Le compositeur et chef d’orchestre finlandais est l’invité du Festival Présences de Radio-France du 4 au 19 février au théâtre du Châtelet. Deux semaines pour découvrir un homme au parcours exceptionnel et de la musique vraiment vivante.
Ces derniers temps, Esa Pekka Salonen s’était retranché, tel un esquimau dans son igloo. Neige, blanc, silence, tel le tapis de glace qui recouvre les landes immenses de Suomi, son pays natal, la Finlande. Esa Pekka Salonen composait. Imaginez ce que cela représente dans un cerveau : composer… Laisser circuler librement les notes sans briser ses solis, sans déformer les masses de l’orchestre… Quand on aborde de tels territoires, le moindre appel venu de l’extérieur peut être fatal… Etouffée la ligne, perdu l’accord, meurtrie l’assonnance…

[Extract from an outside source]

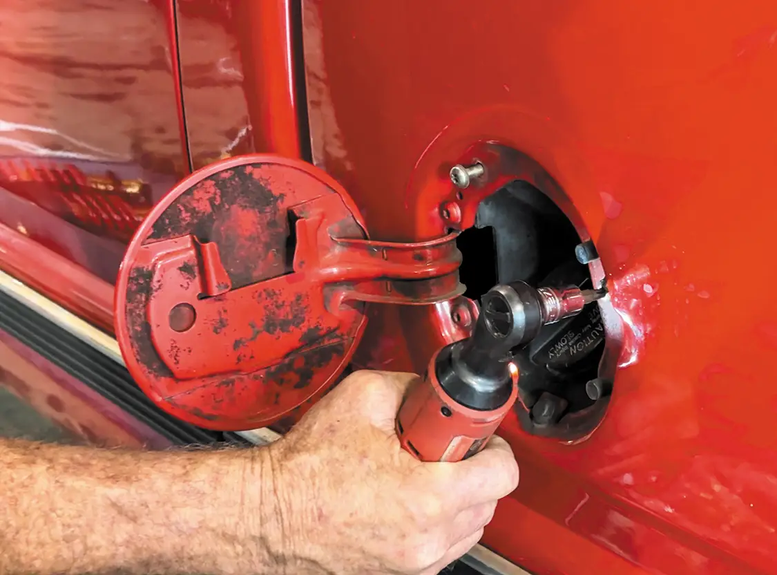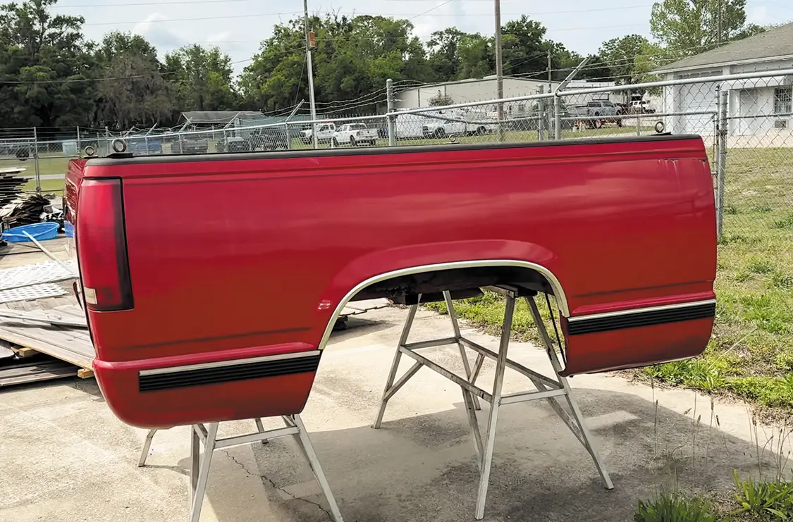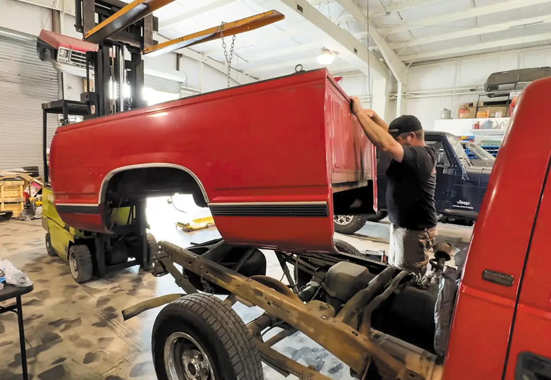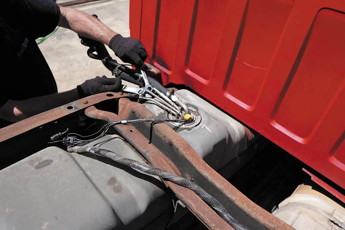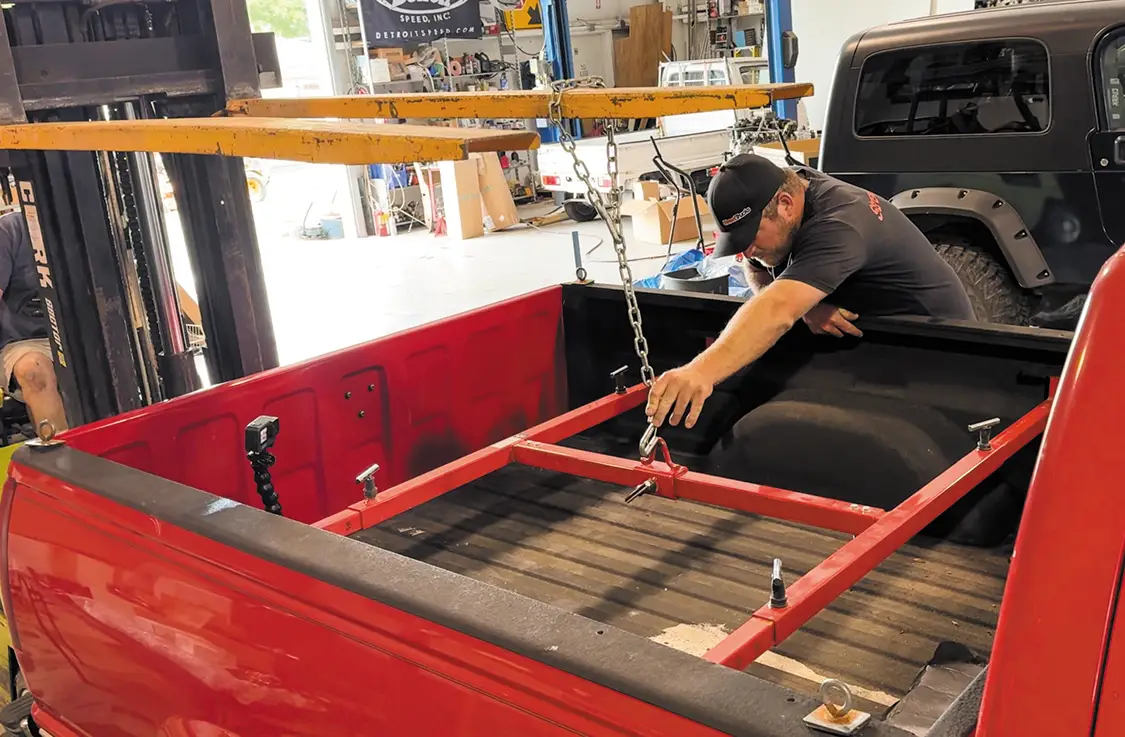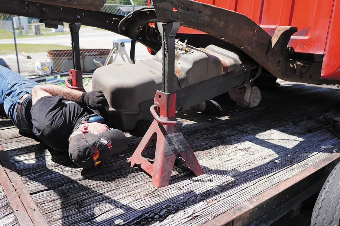 The first thing to remove from the truck was the bed. We’ve done this tons of times, and it goes quicker the more you do. A few bolts under the bed and some screws holding in the gas filler tube were all that we needed to remove.

A 52 ans, trente ans de carrière et près de 2000 concerts à son actif partout dans le monde, le chef finnois n’a jamais pu accorder tout le temps désiré à sa passion. « Composer, déclarait-il, à 23 ans, c’est traiter le monde de l’imagination, le monde très personnel. Il ne s’agit pas de communiquer. »
A cette époque, Esa Pekka Salonen rêvait de s’abstraire du monde pour planer dans les infinies perfections de son univers mythiques, un peu à la manière des héros de la légende finnoise, le Kalevala. Mais le monde avait besoin de lui et l’a rappelé à sa concrète réalité. Appelé à la tête de l’Orchestre Philharmonique Los Angeles, il s’est retrouvé à la tête d’une importante phalange, chargé, qui plus est, de conseiller musicalement les travaux de l’immense Walt Disney Hall, construit par l’architecte Franck Gehry.
Bâtir, tout le contraire de l’abstraction. Salonen a pris cela à bras le corps, dirigeant plus de mille concerts à travers le monde avec ses musiciens, donnant le concert inaugural du Walt Disney Hall en octobre 2003, enregistrant partitions et intégrales, de Gustav Mahler à Jean Sibélius, de John Cage à Bernard Hermann, le compositeur d’Hitchcok.
Parenthèse dans cette moderne foultitude, il crée en 1997 LA Variations, puissante ode à la vie américaine. C’est lui aussi, à Bastille, en 2005, qui forme l’écrin musical de l’inoubliable vidéo de Bill Viola autour du Tristan et Isolde de Wagner. Le spectacle total.
Et puis, après une première année sabbatique, consacrée à la composition en l’an 2000, l’écriture revient peu à peu, avec le temps, le détachement. En 2008, il a quitté le Los Angeles Philharmonic pour le Philharmonia Orchestra de Londres. La souplesse des formations européennes lui offre plus de souplesse pour donner un peu plus de temps à la composition. C’est ce qui lui permet d’être à Paris pour près de trois semaines aux côtés de l’Orchestre Philharmonique, de la Maîtrise et du Choeur de Radio-France.
Le Festival Présences dresse donc de lui un portrait musical, ses inspirations, de Ravel à Sariaho, ses compositions (Giro, Stockholm Diaries, LA Variations, Wing on Wing) et deux créations commandées tout spécialement pour l’événement, Dona nobis pacem pour chœur d’enfant a cappella, le vendredi 4 février et une “nouvelle oeuvre”, le samedi 19. Jeudi 3 février, l’Institut Finlandais invitent ceux qui le souhaitent à venir partager la musique avec lui (1). Nul besoin d’être Finnois, notre homme parle parfaitement l’anglais, sa deuxième langue.
Treize chances de rencontrer une personnalité exceptionnelle qui s’interroge depuis toujours avec humilité et profondeur sur les liens entre la musique d’hier et celle d’aujourd’hui. Et autant de preuves que la musique est vivante, toujours vivante, et qu’il est bon, si bon, d’écouter parler et jouer un compositeur contemporain.
(1)Le compte rendu de ces échanges sera retransmis lundi 7 février à 20H30 par Jean-Pierre Derrien dans les Lundis de la Contemporaine d’Arnaud Merlin. Samedi 12 février à 17 heures au théâtre du Châtelet, élèves des lycées musicaux et des conservatoires viendront dialoguer avec lui et danser sur Foreign Bodies.